Agree, created a new JIRA for this:
https://issues.apache.org/jira/browse/ZOOKEEPER-430

See the following JIRA for one example why not to do this:
https://issues.apache.org/jira/browse/ZOOKEEPER-327

In general you don't want to create large node sizes since all of the data/nodes are stored in memory by all of the servers. The latency issue is also a factor. However if you are storing a handful of nodes in the cluster then obv these aren't much of a problem (could bite you at some point in the future though if you start using ZK more...) In general we advise ppl to store "tokens" in ZK, so perhaps you might store the 7mb of data in a data store (filesystem?), and use ZK to coordinate access to that data (this is similar for example to how AWS does things with S3 and SQS, SQS has a limit of 8k iirc, so you store the task in SQS which includes a pointer (url) to the data to be acted upon in S3...)

Patrick

Eric Bowman wrote:
Ted Dunning wrote:
Isn't the max file size a megabyte?

On Wed, Jun 3, 2009 at 9:01 AM, Eric Bowman <ebow...@boboco.ie> wrote:

On the client, I see this when trying to write a node with 7,641,662 bytes:

Ok, indeed, from
http://hadoop.apache.org/zookeeper/docs/r3.0.1/zookeeperAdmin.html#sc_configuration
I see:

jute.maxbuffer:

    (Java system property:* jute.maxbuffer*)

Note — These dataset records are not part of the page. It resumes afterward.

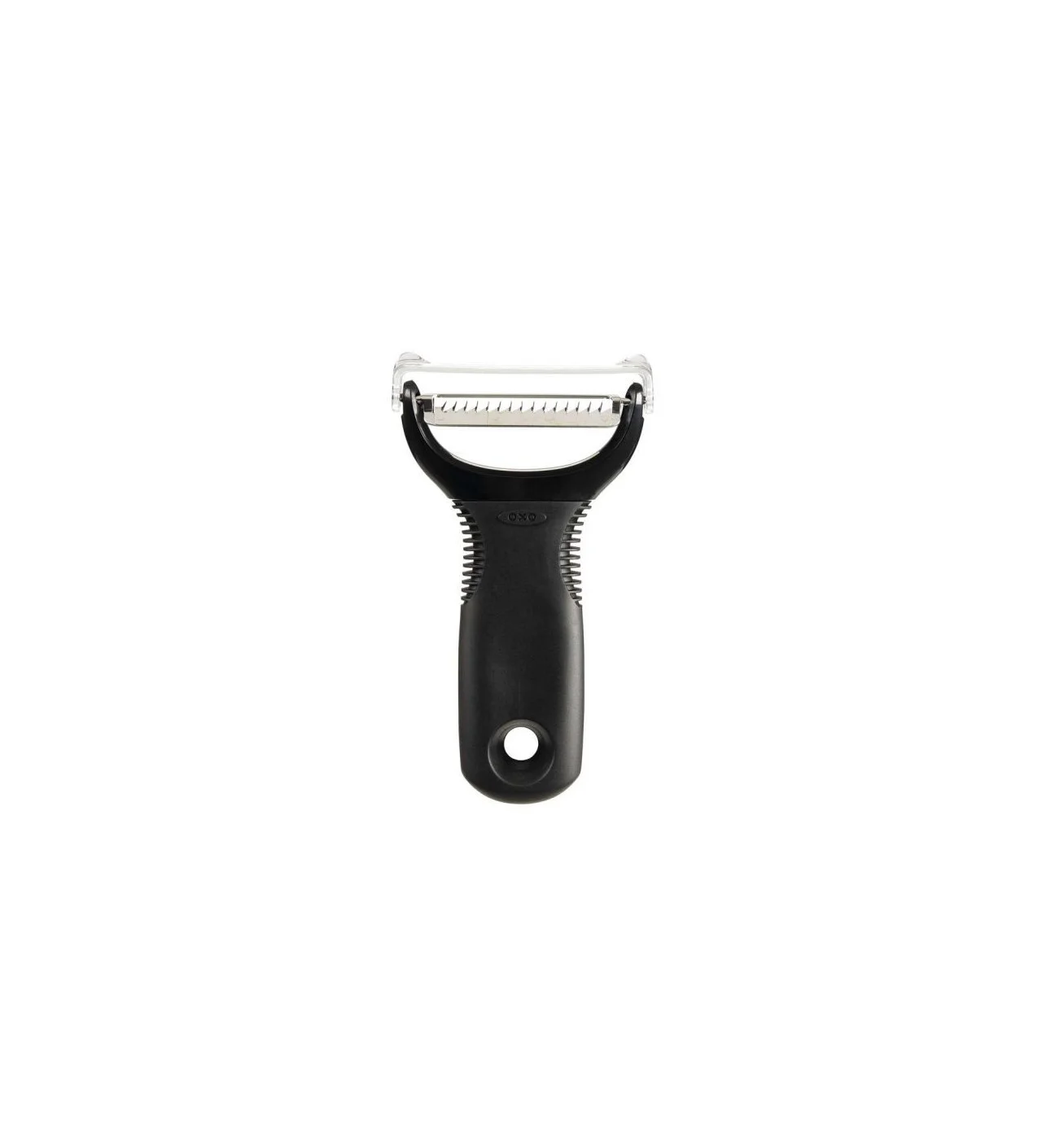La hoja de este pelador de verduras Oxo te permite hacer julianas de verduras y frutas con facilidad y sin esfuerzo.
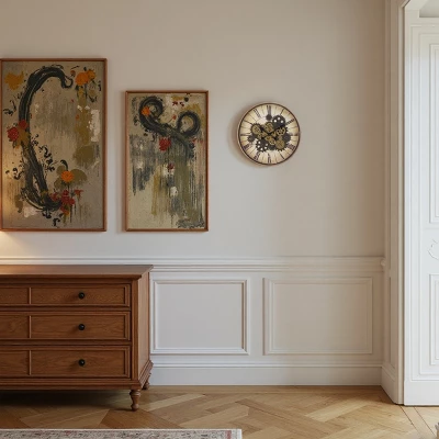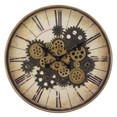 FURNIinspire Wall Clocks Round Gear Mechanism Hanging Clock Living Room Decorative Timepiece Home Vintage Wall Decor, Brown, 20″*20″*2.5″
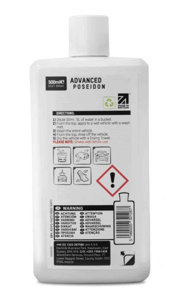 Technologie autošamponu ValetPRO Advanced Poseidon Car Wash používá speciální směs aniontových povrchově aktivních látek a polymerů k snadnému odstranění nečistot. Po oplachu navíc zanechá ochranný film zvyšující lesk. Tato ochranná vrstva udržuje povrch laku déle čistý a zároveň prodlužuje ochranu vosku nebo sealantu. Ředí se v poměru 30 ml šamponu do 5 litrů vody.

    This option can only be set as a Java system property. There is no
    zookeeper prefix on it. It specifies the maximum size of the data
    that can be stored in a znode. The default is 0xfffff, or just under
    1M. If this option is changed, the system property must be set on
    all servers and clients otherwise problems will arise. This is
    really a sanity check. ZooKeeper is designed to store data on the
    order of kilobytes in size.


A more helpful exception would be nice :)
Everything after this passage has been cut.